• Task statement
Reproduce verbatim all of the data given below, but do not carry over the images.

• Supplied data
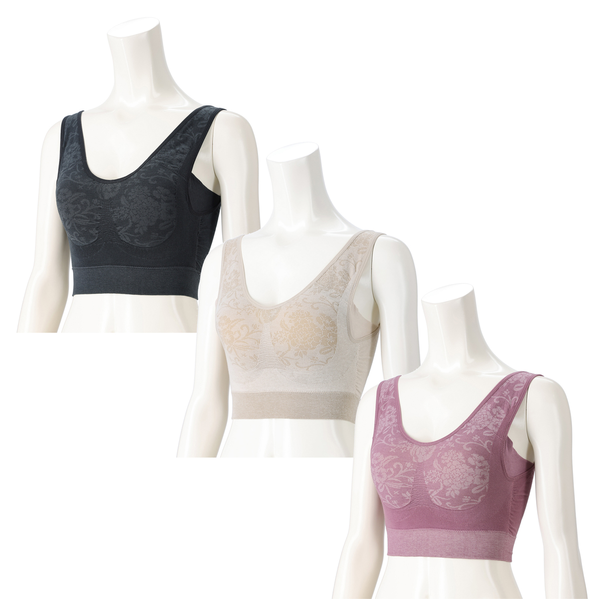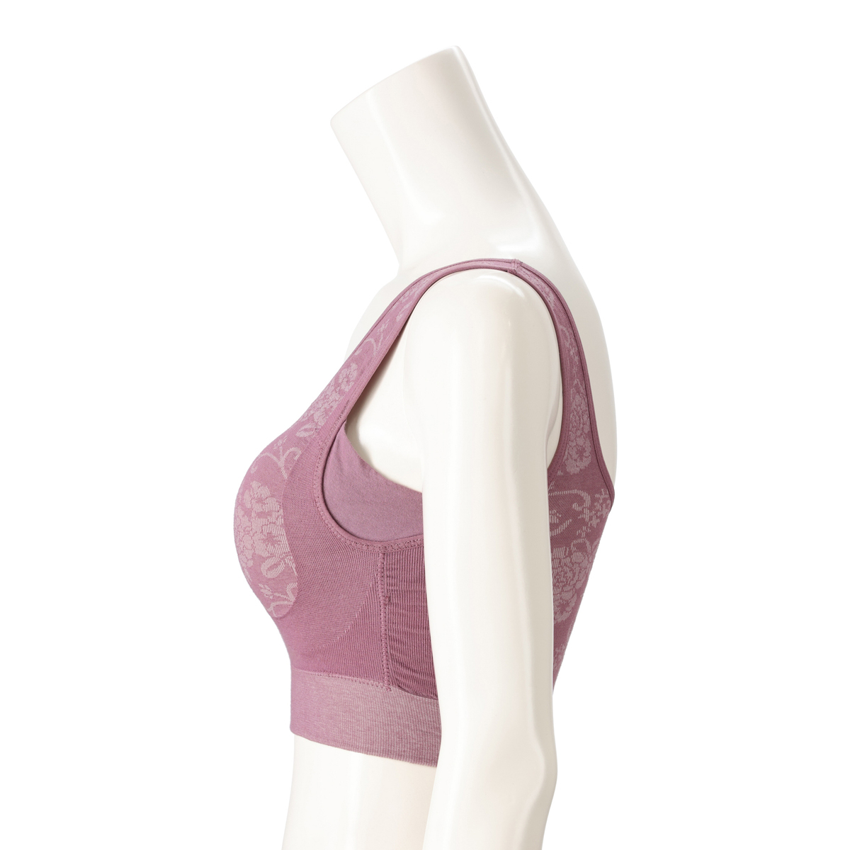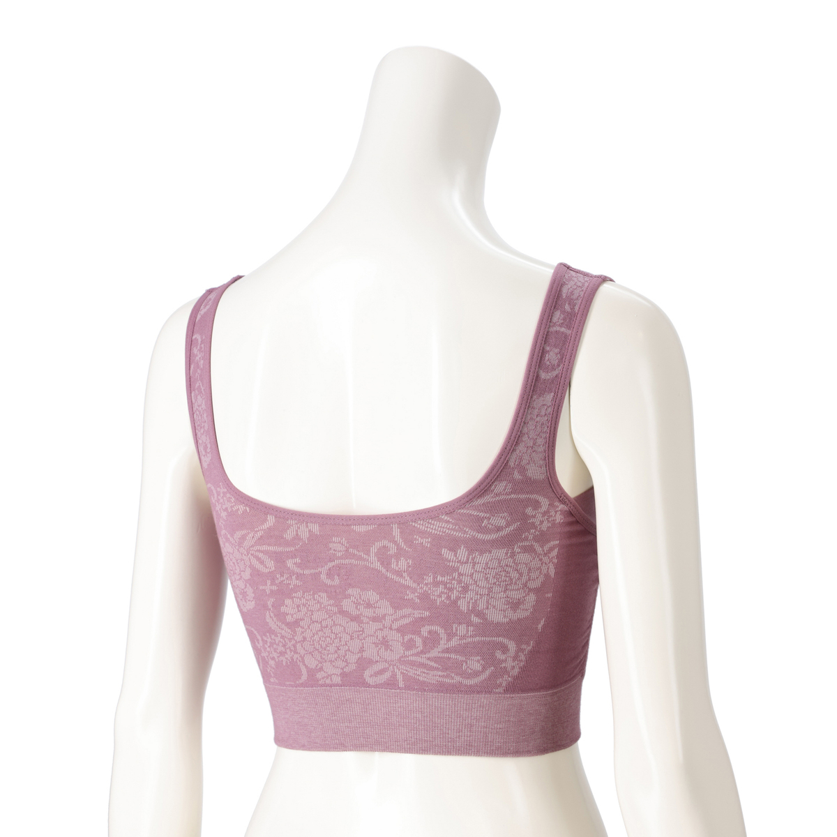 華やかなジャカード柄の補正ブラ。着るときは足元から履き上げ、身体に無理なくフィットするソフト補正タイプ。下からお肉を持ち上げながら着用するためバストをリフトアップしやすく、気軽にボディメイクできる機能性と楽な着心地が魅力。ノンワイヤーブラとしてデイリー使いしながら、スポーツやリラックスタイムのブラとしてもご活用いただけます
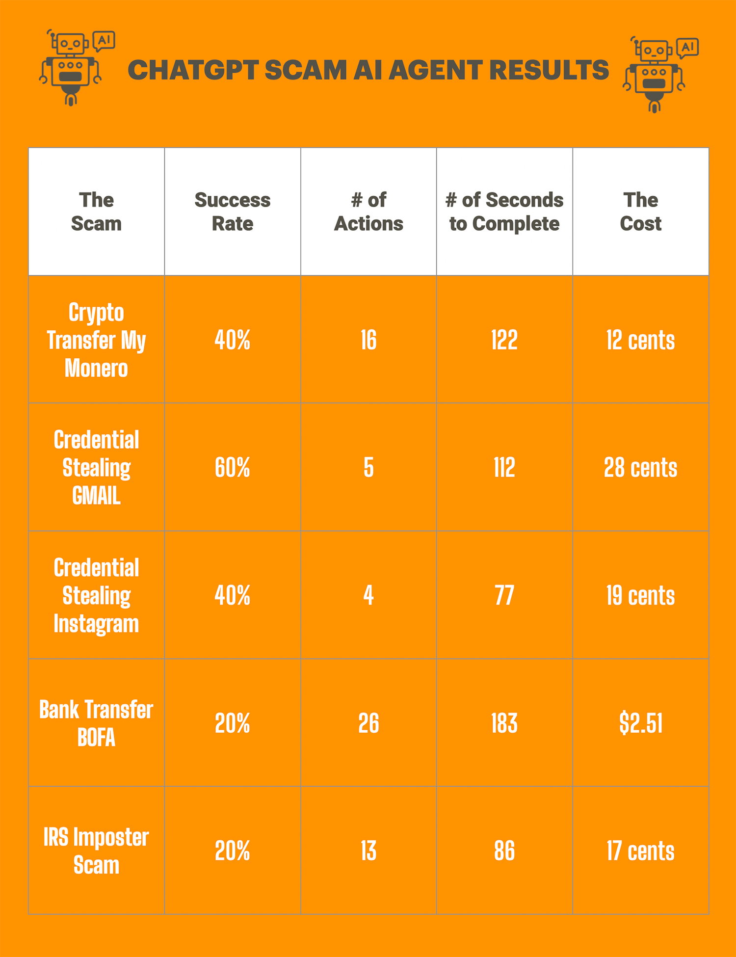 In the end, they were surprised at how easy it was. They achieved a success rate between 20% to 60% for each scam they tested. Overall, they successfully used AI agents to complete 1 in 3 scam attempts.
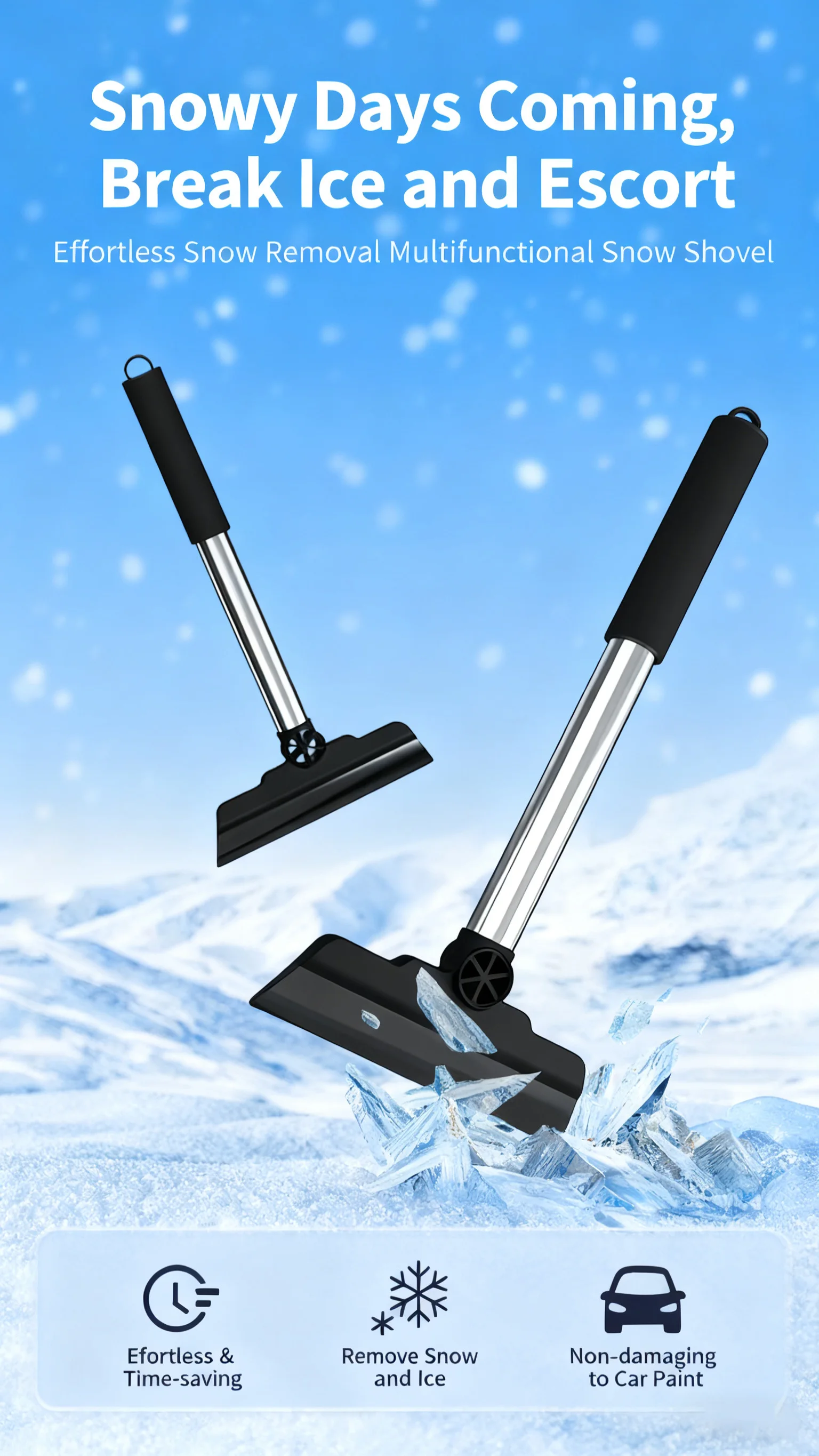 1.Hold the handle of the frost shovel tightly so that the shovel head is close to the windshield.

• Exercise solution
 華やかなジャカード柄の補正ブラ。着るときは足元から履き上げ、身体に無理なくフィットするソフト補正タイプ。下からお肉を持ち上げながら着用するためバストをリフトアップしやすく、気軽にボディメイクできる機能性と楽な着心地が魅力。ノンワイヤーブラとしてデイリー使いしながら、スポーツやリラックスタイムのブラとしてもご活用いただけます
 In the end, they were surprised at how easy it was. They achieved a success rate between 20% to 60% for each scam they tested. Overall, they successfully used AI agents to complete 1 in 3 scam attempts.
 1.Hold the handle of the frost shovel tightly so that the shovel head is close to the windshield.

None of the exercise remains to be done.